Top of The data

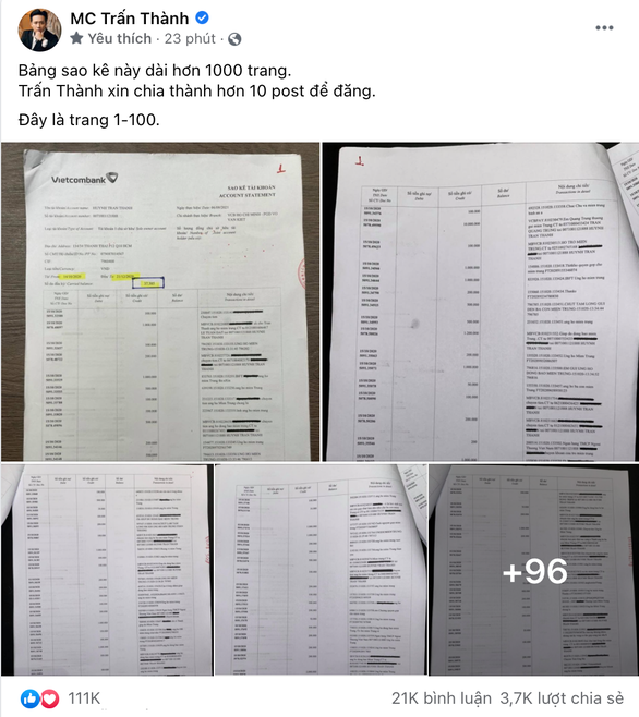Trước đó, ngày 7-9, sau khi MC Trấn Thành đăng tải bản sao kê, MC đã có clip giải thích nhưng nhiều người vẫn tràn vào fanpage của Vietcombank - ngân hàng mà Trấn Thành có tài khoản huy động tiền từ thiện - để bình luận, mổ xẻ bản sao kê.
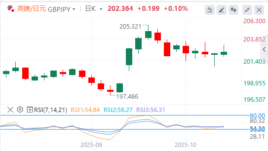 该货币对在通道顶部受顶,接近203.10,并在欧洲早盘回吐涨幅,接近盘中低点202.00。通道底部200.90区域似乎是一个可能的目标。
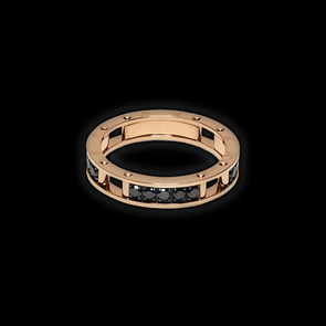 A ring with a refined and exclusive design, the rose gold structure, with a robust line, accommodates a pavè of precious black diamonds. A jewel with an important preciousness that is transformed into a modern creation thanks to an interplay of solids and voids, textures and shapes. Excellent workmanship is highlighted in every detail of this completely Made in Italy ring.

Bottom of The data

Task brief: Write out every line above again exactly, with the pictures left out.

Expected answer:
Trước đó, ngày 7-9, sau khi MC Trấn Thành đăng tải bản sao kê, MC đã có clip giải thích nhưng nhiều người vẫn tràn vào fanpage của Vietcombank - ngân hàng mà Trấn Thành có tài khoản huy động tiền từ thiện - để bình luận, mổ xẻ bản sao kê.
 该货币对在通道顶部受顶,接近203.10,并在欧洲早盘回吐涨幅,接近盘中低点202.00。通道底部200.90区域似乎是一个可能的目标。
 A ring with a refined and exclusive design, the rose gold structure, with a robust line, accommodates a pavè of precious black diamonds. A jewel with an important preciousness that is transformed into a modern creation thanks to an interplay of solids and voids, textures and shapes. Excellent workmanship is highlighted in every detail of this completely Made in Italy ring.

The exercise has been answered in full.